- Exercise brief
Nothing but the lines from the one showing "Marco histórico em" through the final line of the data below belongs in the answer, duplicated exactly and without pictures.

- Supplied entries
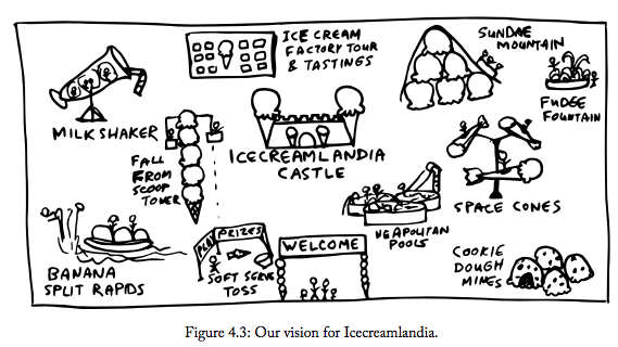 Did we say that this was a ctional example? Ahem...well, here’s an early concept map of what we envision for Icecreamlandia:
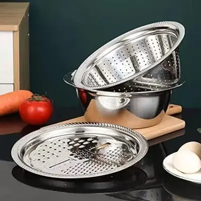 طقم 3 قطع عملي ومتين – مصفاة + مبشرة + وعاء لغسل الخضروات
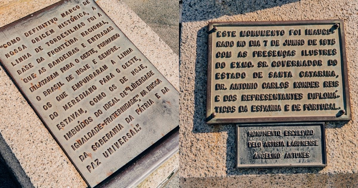 Marco histórico em Laguna representa a linha que dividiu terras entre Portugal e Espanha (Foto: Secretaria de Turismo e Lazer de Laguna, Reprodução)
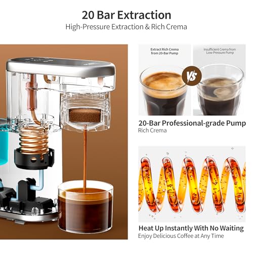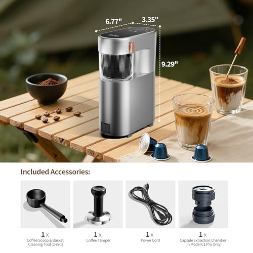 KELUNIS Portable Espresso Coffee Machine, 15Bar Pressure Hot And Cold Extraction Automatic Coffee Maker with Foaming Function, Capsule & Coffee Powder Compatible
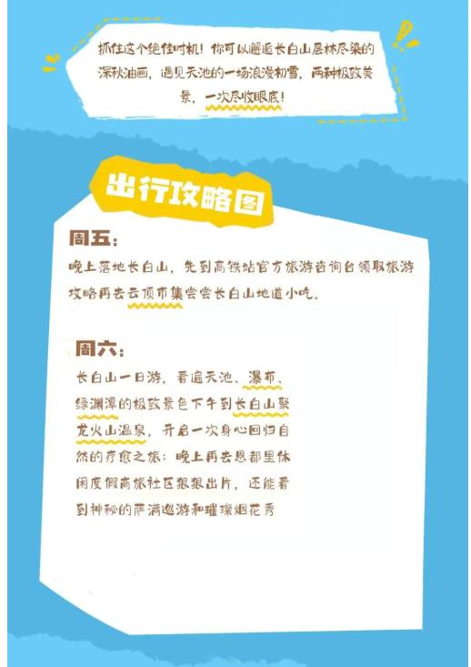 당신은 장백산 단풍으로 물든 늦가을의 유화같은 풍경을 만긱할 수 있고 천지의 랑만적인 첫눈을 맞이할 수 있다. 두가지 극치의 아름다운 경치를 한눈에 다 볼 수 있는 절호의 기회를 놓치지 말자!
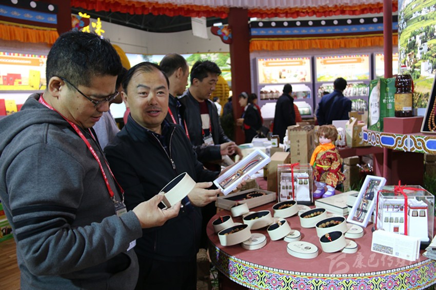 在兩天的參展中,我州展館野生的菌類(lèi)、酒類(lèi),原生態(tài)的牦牛肉、青稞,綠色的大蔥、蘿卜……五顏六色,讓人垂涎。
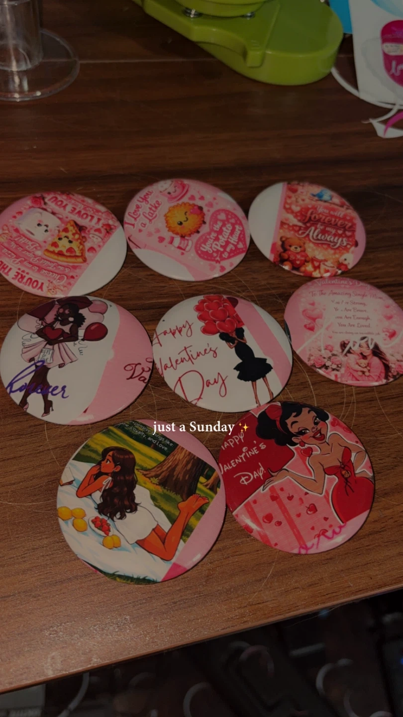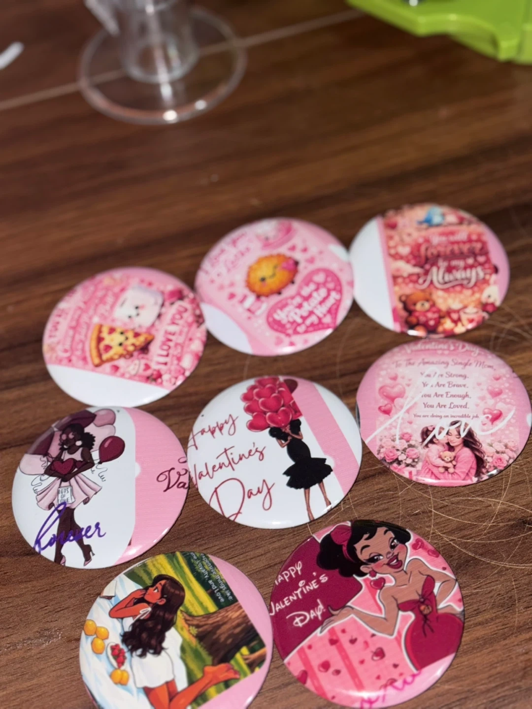 A collection of Valentine's Day themed button pins! They feature cute and fun designs, perfect for adding a touch of love to your outfit or accessories
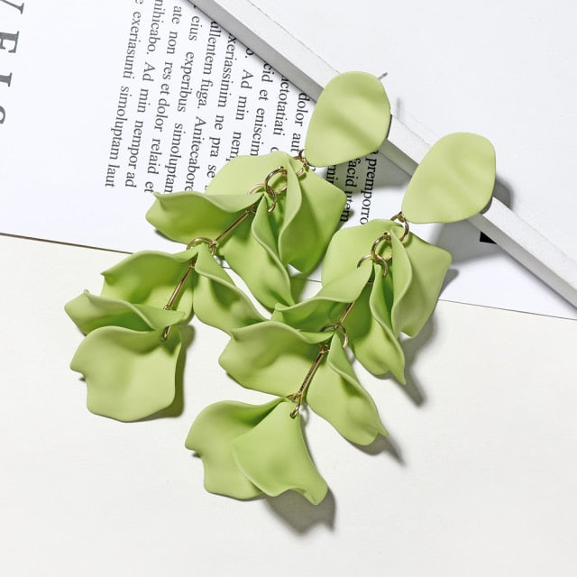 XIYANIKE New Long Tassel Rose Flower Petals Dangle Earrings Women Fashion Exaggerated Pearl Zircon Drop Earrings Jewelry

- Response to this task
 Marco histórico em Laguna representa a linha que dividiu terras entre Portugal e Espanha (Foto: Secretaria de Turismo e Lazer de Laguna, Reprodução)
 KELUNIS Portable Espresso Coffee Machine, 15Bar Pressure Hot And Cold Extraction Automatic Coffee Maker with Foaming Function, Capsule & Coffee Powder Compatible
 당신은 장백산 단풍으로 물든 늦가을의 유화같은 풍경을 만긱할 수 있고 천지의 랑만적인 첫눈을 맞이할 수 있다. 두가지 극치의 아름다운 경치를 한눈에 다 볼 수 있는 절호의 기회를 놓치지 말자!
 在兩天的參展中,我州展館野生的菌類(lèi)、酒類(lèi),原生態(tài)的牦牛肉、青稞,綠色的大蔥、蘿卜……五顏六色,讓人垂涎。
 A collection of Valentine's Day themed button pins! They feature cute and fun designs, perfect for adding a touch of love to your outfit or accessories
 XIYANIKE New Long Tassel Rose Flower Petals Dangle Earrings Women Fashion Exaggerated Pearl Zircon Drop Earrings Jewelry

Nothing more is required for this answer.